I reach up and touch my tender jaw. “Take me with you.”

He shakes his head, as if trying to clear it. “The last thing I remember is an insistent, soul-searing voice spewing venom and lies.”

“That was me,” I say curtly.

“You?” He looks thoroughly nonplussed, as if he cannot reconcile that voice with what he sees before him.

“Yes, you great lummox. It was the only way I could get you moving up the stairs and into the cart.”

“You tried to bring the battle lust upon me? Have you feathers for brains?”

“No one had a better idea on how to get you out of that dungeon. I simply used the tools at hand.”

“You’re lucky you only got a clout to the jaw.” He squints up at me again, as if trying to make sense of something in his mind. “Besides, you looked afraid,” he mutters.

I gape at him. “Now who has feathers for brains?
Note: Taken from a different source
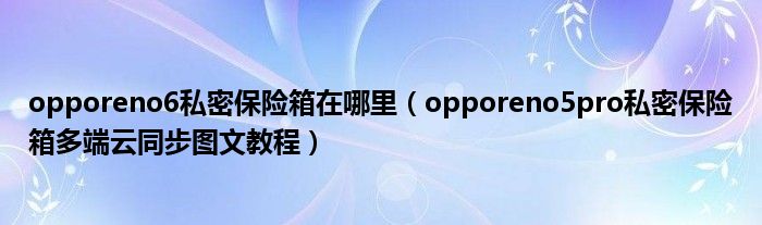 導讀 大家好,小迷為大家解答以上opporeno6私密保險箱在哪里,opporeno5pro私密保險箱多端云同步圖文教程的問題,也是到網上收集了關于opporeno6

I had a mission—there was no fear involved.” But that is a lie. I was terrified, and I hate that he saw it.

Chapter Sixteen

PALE AS A CORPSE AND breathing heavily, the knight eases onto the trestle table, then the jailor helps him lie down. He closes his eyes, and it is clear that even this small amount of activity has cost him much. Merde. It is just as well I am not returning to Nantes because this man will need every ounce of my paltry healing skills—and a bit of the gods’ own luck—in order to make it to Rennes. If he dies on the road, then I will have well and truly nothing for all my work and sacrifice. I snag a bucket from a hook on the wall and thrust it at the jailor. “Here. We’ll need water to finish washing him. And fetch the two bundles left in the cart.”

Without questioning me, he takes the bucket and heads back outside into the rain. I take a tinderbox from one of the bundles I brought in and move to the fireplace to start a fire. The clouds overhead will likely mask any smoke that manages to clear the treetops. Even so, I build only a small fire, just enough to heat some water for the poultices I must make up for the knight’s wounds.

When the jailor returns, he sets the two bundles next to the others, then busies himself pouring water from the bucket into a battered old tin pot. I thrust a wad of cloth in his hand. “Finish washing him so that I may tend his injuries. Cut away his garments if you have to.” Again the jailor does what I ask, and I begin to relax somewhat.

For the next little bit, we work in companionable silence, the jailor washing the prisoner, the prisoner gathering the strength to ask all the questions I can feel swirling in his head, and myself mixing the powdered elm bark and mustard with the boiling water and praying the damage to his body is not too far beyond my skill.

When my preparations are done, I slowly rise. It is time to see just how dire his situation is.

The man’s feet jut over the edge of the table, and his face, still ashen beneath the black and green bruises, is as cheerfully ugly as any I have ever seen. His cheeks are pockmarked, and a long scar puckers one side of his face. His nose has been broken—more than one—and he has a notch in one ear. None of which will improve once the swelling and bruising go down.

His body is as thick as a boar’s, with bulging ropes of muscle and sinew. If a sculptor wanted to bring brute strength to life, he would carve a body such as this. Nearly all of it is covered in some sort of scars, the red, angry recent ones mingling with the silvery white of the older.